Exome Sequencing

Exome Sequencing, Familial Control 2006340

Method: Massively Parallel Sequencing

  • Exome Sequencing,Trio is the preferred test to diagnose an individual with an unknown Mendelian condition.
  • Order control test on patient’s parents and up to two additional relatives who are affected with the same condition as the patient. It is performed at no additional cost and increases the detection rate.
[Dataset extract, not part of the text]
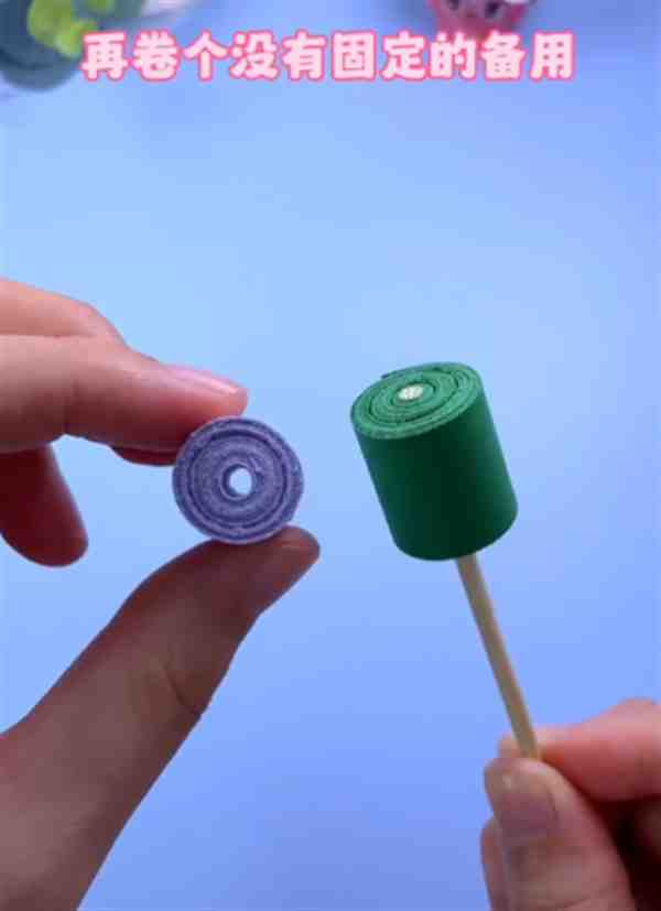 2、制作轴承部分,首先剪两条宽度约1~2厘米的纸条,然后分别卷在细木棍上,逐渐卷至适宜厚度。其中一个纸卷需固定在木棍底部,另一个可滑动。

Exome Control, Targeted Sequencing 3001114

Method: Massively Parallel Sequencing

  • For individuals with a suspected but undiagnosed genetic condition
  • Recommended only when obtaining samples from both biological parents is not possible
  • Order control test on patient’s parents and up to two additional relatives who are affected with the same condition as the patient. It is performed at no additional cost and increases the detection rate.

Additional Methodology

  • Short tandem repeats (STRs) used to confirm familial relationships
  • Liquid RNA- or DNA-based probes capture exons and intron/exon junctions of known protein-coding RefSeq genes
  • Human reference sequence (Hg19) used for variant identification
  • Variants confirmed by Sanger sequencing as needed
  • Additional testing, such as X-chromosome inactivation, may be performed to aid variant interpretation.
Related Test
  • Order on proband when original exome analysis was unable to identify a cause for the patient’s condition.
    • First reanalysis performed at no charge; additional charges apply for subsequent reanalysis requests.
  • New clinical report will be issued using current variant calling pipeline, variant classification, genotype/phenotype knowledge, and updated clinical phenotype.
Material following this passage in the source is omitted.